The Government’s July Economic Statement forecasts net overseas migration in 2020-21 will be around 31,000 – the lowest since 1975-76 and a dramatic contrast to the fanciful levels of net overseas migration forecast in the 2019 Budget.
But even 31,000 may be optimistic as it relies on international borders opening in January and a significant surge in overseas student arrivals.
At 31,000, the revised Government forecast of net overseas migration is approximately 240,000 less than the level forecast in the 2019 Budget (by averaging the forecast for 2020 and 2021).
The Government will be hoping the anticipated surge in overseas student arrivals is sufficient to support universities suffering severely from a loss of revenue from overseas student fees and the Government’s decision to deny universities access to Job Keeper. Even the forecast surge in overseas students, however, will not be sufficient to avoid massive job losses in Australia’s universities and in the businesses around university precincts that rely on the spending of overseas students.
If international borders do not re-open from January, net overseas migration may reflect the level of people movement in the three months to June 2020 (see Chart 1).
Over the 3 months to June 2020, aggregate net movements were negative 72,310. That includes a substantial net increase in returning Australian citizens and permanent residents.
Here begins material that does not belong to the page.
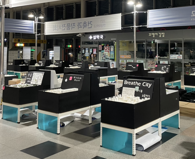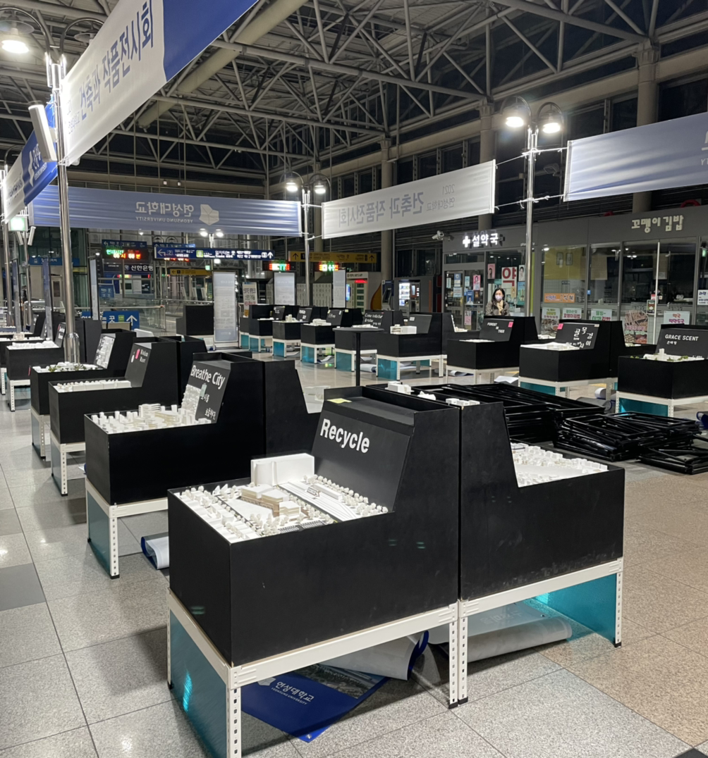 조금 풀어진 새벽 미명의 출근길에서 역사안에 전시준비를 하고 있는 한 대학 건축학도들의 졸업작품전이 슬며시 입꼬리를 올립니다.

While not all of these movements would have impacted net overseas migration because they did not meet the 12 months out of 16 months rule, the movements in later months will have increasingly impacted net overseas migration as students complete their studies and leave Australia if they are unable to secure a post-study job and have limited means of survival.
This negative net movement trend will likely continue at least until international borders are re-opened as more and more unemployed temporary entrants find they are unable to survive on charity. That is of course assuming they can find enough money for the air fare home.
In addition we have the 4,000 per week cap on arrivals. This will mean that net overseas migration over the six months to December 2020 may also be a significant negative.
In the forthcoming Australian summer, we will not see the usual surge in international visitors that deliver substantial customers for tourism businesses, particularly in Queensland and in the major capital cities. In recent years, international visitors who stay on in Australia have delivered over 20 percent of net overseas migration.
We also wont see the surge in Working Holiday Makers who also tend to arrive ahead of the Australian summer. In fact, we may see Working Holiday Makers who are currently in Australia departing in large numbers if they are unable or unwilling to extend stay in Australia by working on farms.
Another factor will be a substantial portion of the 600,000 overseas students currently in Australia completing their studies in November 2020 and then not seeking a post-study visa because of the difficulties of securing a job in Australia. Students from China will also be influenced by rising diplomatic tension, warnings from their Government about alleged racist attacks and job opportunities associated with a Chinese economy that appears to be pulling out of the Covid recession.
Other factors that would drive net overseas migration down in 2020-21 include:
- the temporary suspension of the newly arrived migrant waiting period for social security which has now been extended to December 2021 is not again extended. Given the level of unemployment the government is forecasting for 2021, we may see a substantial exodus of permanent residents if the temporary suspension is not extended further;
- treatment of NZ citizens in terms of access to Job Keeper and Job Seeker is tightened. This may lead to a large exodus of NZ citizens; and
- the migration and humanitarian programs in 2020-21 focus almost entirely on onshore applicants with very few visas for offshore applicants.
Given the above factors, the possibility of a negative net overseas migration outcome in 2020-21 remains a possibility. That would be the first such outcome since the 1930s and 1940s.
In the longer-term, net overseas migration will recover but will not reach the extraordinary levels forecast in the 2019 Budget. On my calculations, net overseas migration is unlikely to reach much above 175,000 per annum. That is around 100,000 per annum less than forecast in the 2019 Budget.
Combined with declining fertility, which at last the Treasury has been prepared to reluctantly acknowledge, that means Australia’s population will age much more rapidly than the assumptions in the 2019 Budget would have delivered. The population assumptions in the 2019 Budget were amongst the dodgiest I have ever seen as I wrote in this April 2019 article in the Sydney Morning Herald.
As the experience of Japan shows, more rapid population ageing has long-term economic and budget costs which suggest talk of ‘repaying government debt’ is just a fantasy as is the Prime Minister’s aspiration of annual real economic growth of 3.75 percent.
References in The Australian and in the Australian Financial Review to Australia ‘going for growth’ to repay government debt as we did after WW11 studiously avoids the fact population growth in the 1950s averaged 2.4 percent per annum and in the 1960s averaged 1.9 percent per annum.
We are never again going to experience those rates of population growth.